Google’s BLEURT is BERT for Evaluating Natural Language Generation Models
The new method uses BERT pretrained models to evaluate the quality of the output of NLG models.
Natural language generation(NLG) is one of the fastest growing areas of research in deep learning. NLG applications are everywhere around us in areas such as text summarization, question-answering, translation and many others. One of the regular challenges in the NLG space is the quality evaluation of models. Most methods todays rely on human evaluation which has obvious subjectivity and scale limitations. In a recent paper, Google Research proposed BLEURT, a transfer learning model that can achieve human quality levels in the scoring of NLG systems.
The idea of BLEURT is to address some of the limitations of human evaluation in NLG systems while helping improve NLG models. Transformer architectures like Google BERT achieved record levels in different natural language understanding(NLU) tasks. In order to do that, BERT had to built implicit knowledge about text quality. BLEURT tries to leverage these capabilities of BERT in order to develop a scoring method for NLG systems that matches human performance.
What Makes a Good NLG Sentence?
To understand the magnitude of the challenge BLEURT is trying to address, it might be helpful to first develop a criteria to evaluate the quality of a NLG sentence. When presented with a specific text, how do we judge its quality? There are many aspects that go into consideration. Fluency, clarity of the main idea, expressiveness, syntactic and semantic correctness and dozens of others. Many of those criterions are incredibly subjective but human judgement but still is possible to develop quantitative metrics that reflects its results.
The rapid evolution of NLU systems prompted the creation of different metrics to evaluate its performance. In the machine translation space, one of the metrics that have seen the widest adoption is the bilingual evaluation understudy(BLEU). Conceptually, BLEU tries to quantify the quality of a text translated from one language to another. BLEU works by comparing any individual translated segments with reference translations and averaging the results of the whole corpus for a final score. The results are a value from 0–1 or 1–100 where the highest score represents the highest similarity of the reference text. The following illustrates a sample BLEU evaluation. In that result, we can see that the first sentence clearly obtains the highest BLEU score but, interestingly enough, the third sentence obtains a higher score than the second one due to a better syntactic structure.

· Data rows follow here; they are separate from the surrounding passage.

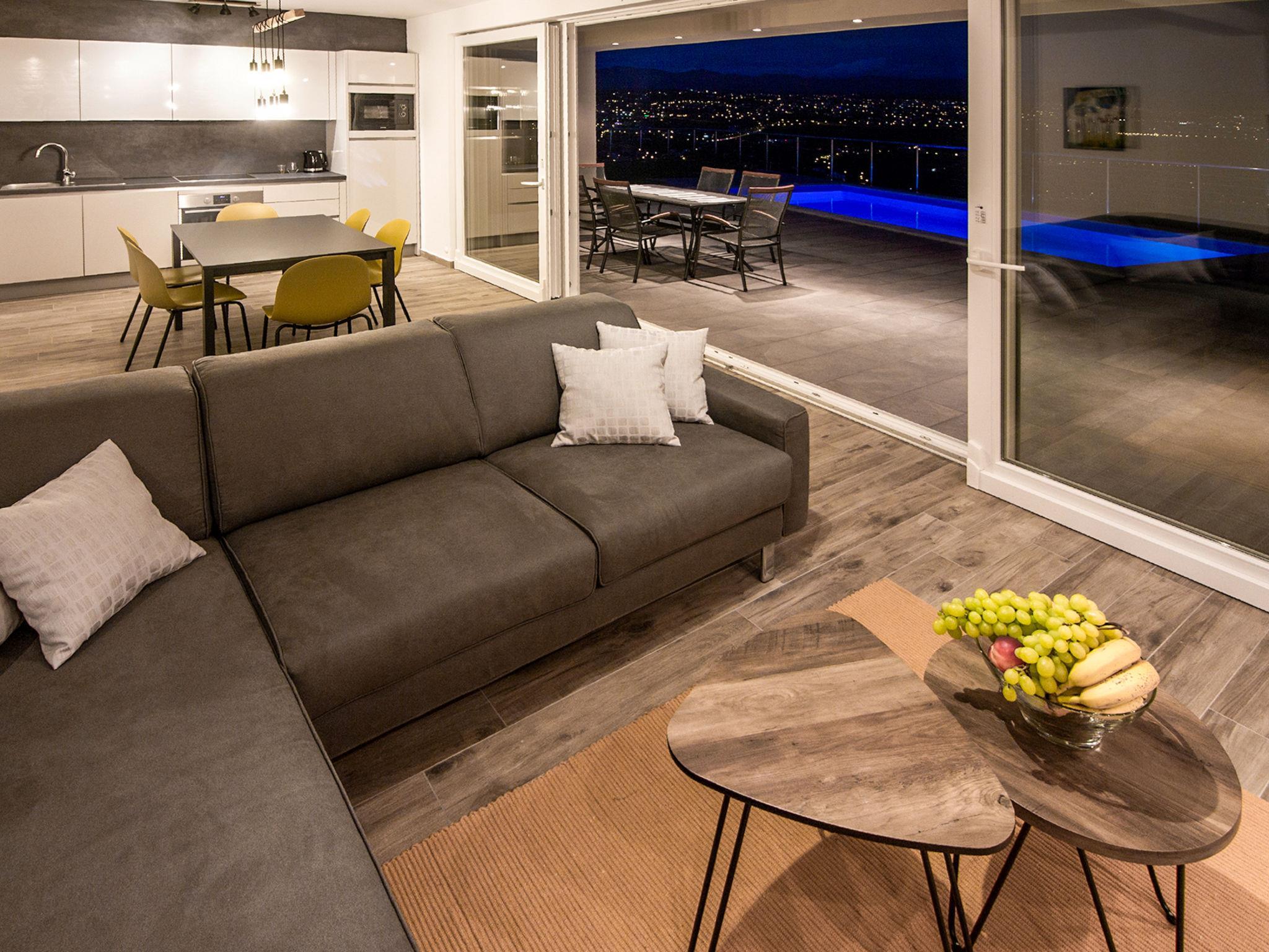 3-Zimmer-Villa 110 m2. Wohn-/Esszimmer mit Panoramafenster mit Kabel-TV und Klimaanlage. Ausgang zur Terrasse, zum Schwimmbad. 2 Zimmer, jedes Zimmer mit 1 Bett (90 cm, Länge 200 cm), 1 franz. Bett (180 cm, Länge 200 cm), Dusche/WC und Klimaanlage. Offene Küche (Backofen, 4 Glaskeramikplatten, Toaster, Wasserkocher, Mikrowelle, elektrische Kaffeemaschine). Ausgang zur Terrasse. Bad/WC. Warmluftheizung. Terrasse 30 m2 teilweise überdacht. Liegestühle. Schöne Panoramasicht auf das Meer und die Landschaft. Zur Verfügung: Safe, Haartrockner. Internet (Wireless LAN, gratis). Bitte beachten: geeignet für Familien. Nichtraucher-Haus.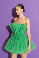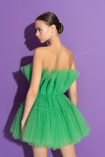 Dazzle any occasion with this vibrant, lined Green Tulle Mini dress. The strapless design allows you to flaunt your shoulders, while the fitted waist accentuates your silhouette. The voluminous tulle adds a playful touch, making it perfect for cocktail parties, proms, or any other special occasion.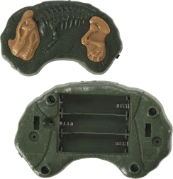 Ovladač ve tvaru fosilie se dvěma tlačítky: jedno pro chůzi a pohyb tlap, druhé pro světla, zvuk a pohyby hlavy.

In addition to metrics like BLEU, the machine learning community has produced many reference datasets that can be used to evaluate the performance of NLG systems. The WMT Metrics Shared Task dataset is one of the most popular sources to evaluate the benchmark the performance of NLG tasks.
Now we have an idea of how human evaluation works for NLG systems. Can that be recreated with machine learning methods.
The fundamental challenge of creating a quality metric for NLG system is that it should not only match human judgement but do so across all sorts of conversational domains. This challenge is even more relevant if we consider the small amount of training data available. Fortunately, Google has been at the forefront of some of the most impressive breakthroughs in language understanding and representations. BERT sparked a new wave of innovation in the NLU space with its Transformer based architecture that were able to achieve state of the art performance across different NLP tasks. BERT seems like an ideal candidate in order to leverage unsupervised representations that could mitigate the absence of large training datasets for NLG evaluation tasks.
Architecturally, BLEURT leverage transfer learning of BERT pretrained models. Specifically, BLEURT relies on a technique to “warm up” BERT using a large number of synthetic sentence pairs before fine-tuning the process with human rating data. The BERT pretraining scheme has three key requirements:
1) The dataset of used references should be large and diverse so that the scoring metric could be applicable to diverse NLG tasks.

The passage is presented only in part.